If the incident side of the cladding portion 6 contains an impurity which lowers the refractive index at such a rate that the laser beam does not leak intensively even when the laser beam with a high output is incident, the laser beam with a high output can be ensured. Since the light is reflected by the boundary surface 8 on the incident side of the clad portion 6, the occurrence of burning can be prevented.

Further, if the impurity which lowers the refractive index is fluorine, the refractive index of the fluorine-containing clad portion 6 is reduced at a desired ratio, so that a high-power laser beam can be surely propagated from the incident side and diffused. A laser beam with a small angle can be emitted.

Incidentally, the optical fiber of the present invention is not limited to the above-described embodiment. If the refractive index of the clad is changed as desired, the impurities may be not only fluorine but also other substances. It goes without saying that various changes can be made without departing from the spirit of the present invention.

[0027]

According to the optical fiber of the present invention, various excellent effects as described below can be obtained.

I) If the cladding portion contains an impurity which lowers the refractive index so as to gradually decrease from the incident side to the outgoing side, the laser light can be applied even when a large output laser beam is input. The laser beam with a large diffusion angle is allowed to gradually escape to the outside without leaking intensively on the entrance side of the part, so that high-power laser light propagates from the entrance side and is emitted with a small diffusion angle. As a result, fine laser processing can be performed with high-power laser light.

II) If the incident side of the cladding contains an impurity that lowers the refractive index at such a rate that the laser light does not leak intensively even when the laser light with a high output power is incident, the laser light with a high output power is surely obtained. Since the light is reflected on the incident side of the clad portion, it is possible to prevent the occurrence of burning.

III) If fluorine is used as the impurity for lowering the refractive index, the refractive index of the fluorine-containing clad portion is reduced at a desired ratio. Can be emitted.

[Brief description of the drawings]

FIG. 1 is a schematic diagram showing an example of an embodiment of an optical fiber of the present invention.

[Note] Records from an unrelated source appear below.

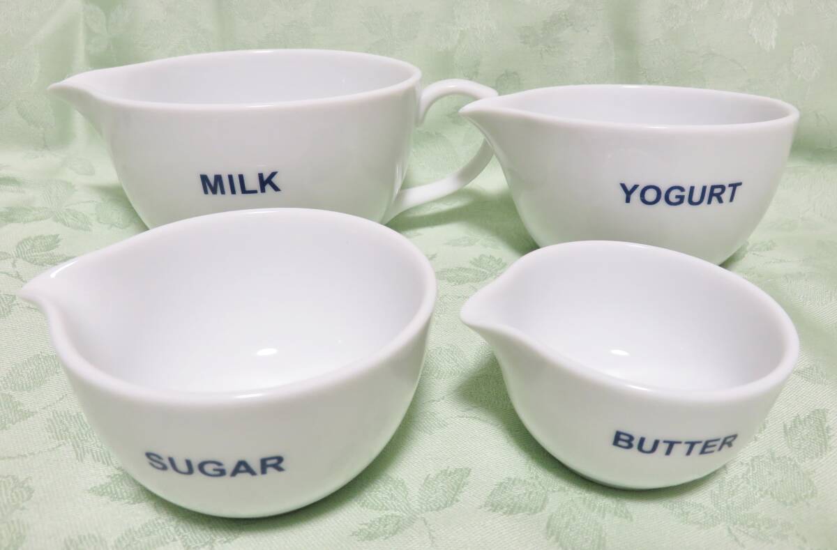 - 未使用 栗原はるみ 片口 メジャー カップ SS/S/M/L 4個セット 入れ子 コンパクト収納 卵焼き タレ ソース つゆ 調味料 食器 ゆとりの空間
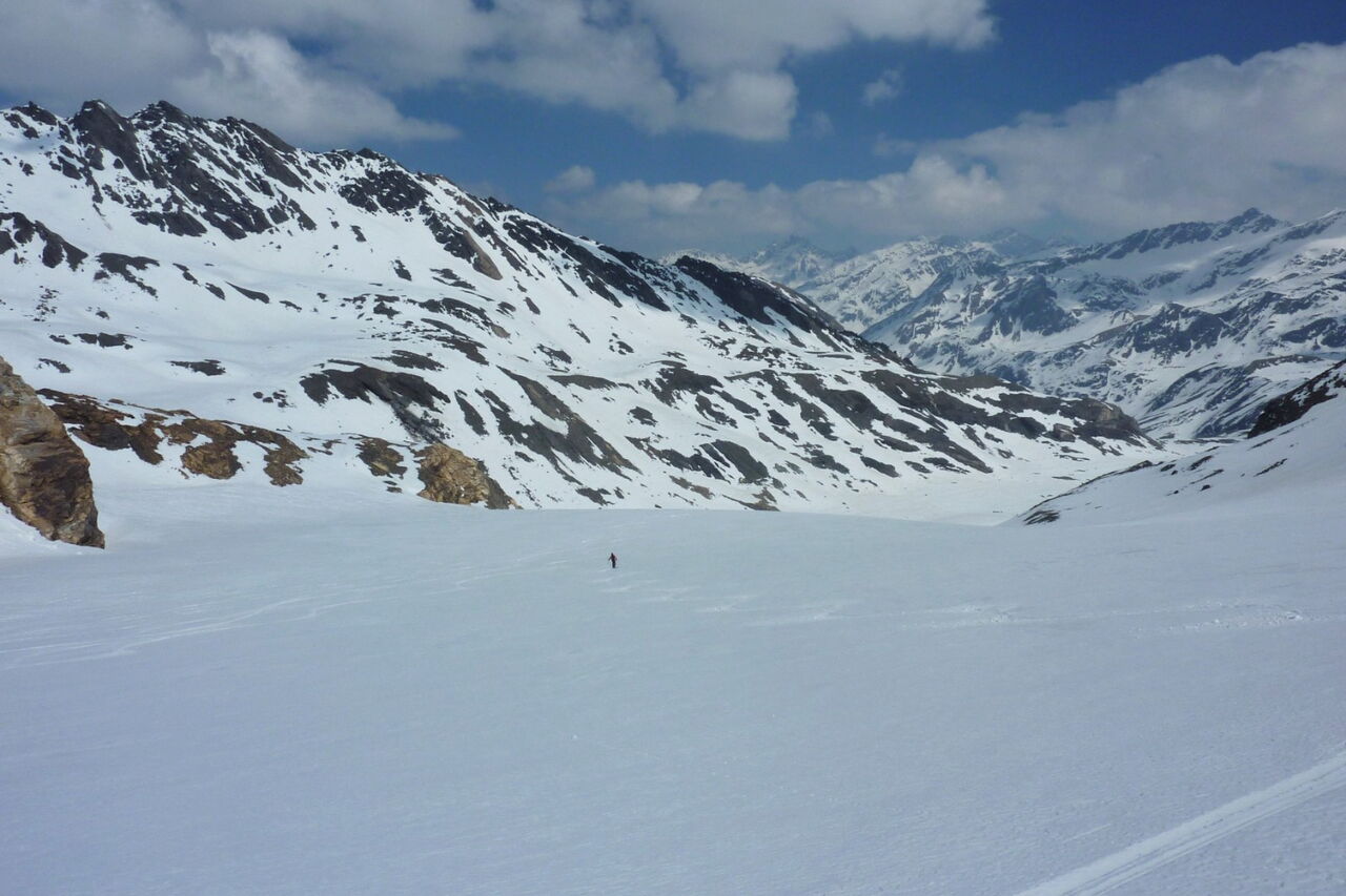 Schwerer Aufstieg zum Eisseepass und weiter zur Eisseespitze. Die Abfahrt ist einfach bei guter Orientierung. Die Abfahrt führt über einen Südosthang. Folgende Ausrüstung wird empfohlen: Produkte für alpine Sicherheit im Schnee, Klettergurt mit Kletterseil, Steigeisen, Tourenski und Skitourenhelm. Es gibt keine Einkehr auf der Tour. Die erste Hütte auf der Tour ist die Zufallhütte im Martelltal. Beste Jahreszeit: Januar bis April. Uns erwarten kurze Stücke mit bis zu 40° Hangneigung.
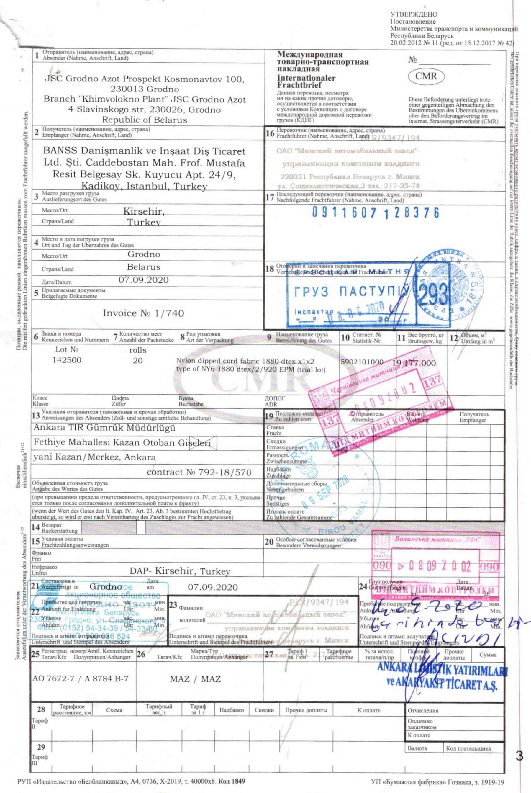 - TAA Groniti finally delivered the goods to Grodno Azot
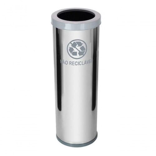 Lixeira confeccionada em aço inoxidável AISI 430, fundo em plástico ABS de alta resistência e tampa meia esfera plástica injetada em polipropileno (PP).
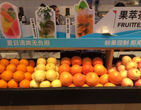 炎炎夏日,逛商场也成了蹭空调的一种选择。如果能再加杯给力的畅爽的饮品,就更惬意了。 闲逛于泊富,被这家店吸引,店面不大,操作区和休憩区左右分隔,操作区前面摆放这新鲜诱人的水果,从忙碌的店员状态来看,这里的饮品原材料是相当有保证的,明档操作一切都在眼里。点了一杯西柚柠檬桂花乌龙,虽然26的价格有点略贵,但是味道还是比较满意的,特质的杯子也非常有质感。
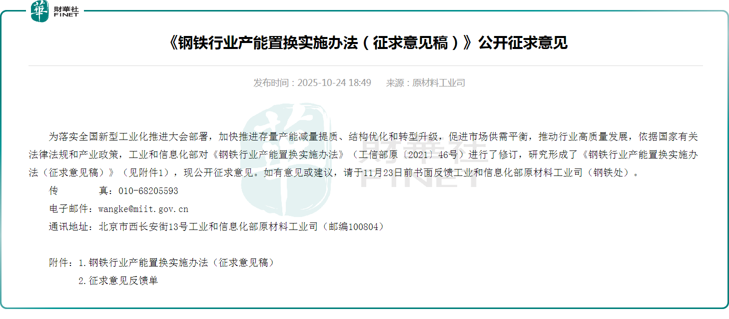 可以看到,当前“反内卷”成为政策主基调。业内人士认为,本次产能置换实施办法征求意见稿的发布,落后产能有望进一步加速退出。
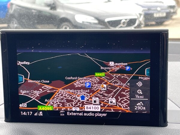 ..Driver Convenience,Audi Drive Select,Cruise Control,DIS - Drivers Information System - Monochrome,Rear Parking Sensors,Tyre Pressure Warning Light,Voice Control SystemEntertainment,2 x SDXC Card Readers,2 x USB Charging Ports and 1 x AUX-IN,8 Passive Speakers,AMI - Audi Music Interface,Audi Connect Infotainment Services - 3 Month Trial,Audi Smartphone Interface,Bluetooth Interface,CD Drive,DAB Digital Radio,MMI Navigation - SD Card Based,MMI Radio Plus with 7in Colour Fixed MMI Screen and MMI ControllerExterior,18in Alloy Wheels - 5-Spoke Y Design,Anti Theft Locking Wheel Bolts,Black Window Trims,Body Coloured Bumpers,Body Coloured Door Mirrors,C-Pillar Blade in Titanium Grey - Matt,Chrome-Plated Exhaust Tailpipe Trim,Door Mirrors - Electrically Adjustable and Heated with Integrated LED Side Indicators,Electric Windows - Front,Front Windscreen with Grey Tinted Sunband,S Line Badges on the Front Wings,S Line Design Body Styling,Tyre Repair KitInterior,3-Spoke Leather Trimmed Multi-Function Sport Steering Wheel,Aluminium Interior Elements,Cloth Headlining in Black,Email - Calendar and Text Messages can be Displayed on your Vehicles MMI,Floor Mats with Contrast Stitching,Front Centre Armrest,Head Restraints - Rear x3,Illuminated Door Sill Trims with S Logo,Inlays - Matt Brushed Aluminium,LED Interior Light Package,Manual Air Conditioning,Manual Seat Adjustment,Non-Smoking Package,Pedals in Stainless Steel,Split Folding Rear Seat Bench - 60-40 or Fully,Steering Wheel - Height and Reach Adjustable,Storage Compartments,Tool Kit and Car JackEntertainment,2 x SDXC Card Readers,2 x USB Charging Ports and 1 x AUX-IN,8 Passive Speakers,AMI - Audi Music Interface,Audi Connect Infotainment Services - 3 Month Trial,Audi Smartphone Interface,Bluetooth Interface,CD Drive,DAB Digital Radio,MMI Navigation - SD Card Based,MMI Radio Plus with 7in Colour Fixed MMI Screen and MMI Controller

FIG. 2 is a conceptual diagram showing an example of a conventional optical fiber.

[Explanation of symbols]

 5 Core 6 Cladding

 ──────────────────────────────────────────────────続 き Continuation of the front page (72) Inventor Akihiro Nishimi 3-1-1-15 Toyosu, Koto-ku, Tokyo Ishikawajima Harima Heavy Industries, Ltd. Tokyo Engineering Center (72) Inventor Minoru Uehara 3-1-1 Toyosu, Koto-ku, Tokyo No. 15 Ishikawajima Harima Heavy Industries, Ltd. Tokyo Engineering Center (72) Inventor Yoshihisa Yamauchi 3-1-1, Toyosu, Koto-ku, Tokyo Ishikawajima Harima Heavy Industries, Ltd. Tokyo Engineering Center F-term (reference) 2H037 AA04 BA03 CA05 2H050 AB10Y AC03 AC82 4E068 CD01 CE08

Claims (3)

[Claims] 1. An optical fiber comprising a core having a high refractive index and a clad formed around the core and having a refractive index smaller than the core, wherein the clad lowers the refractive index. An optical fiber, characterized by containing impurities to be gradually reduced from an incident side to an emission side. 2. The optical fiber according to claim 1, wherein the incident side of the clad portion contains an impurity for lowering the refractive index at such a rate that the laser light does not leak intensively even when a high-power laser light is incident. 3. The optical fiber according to claim 1, wherein the impurity that reduces the refractive index is fluorine.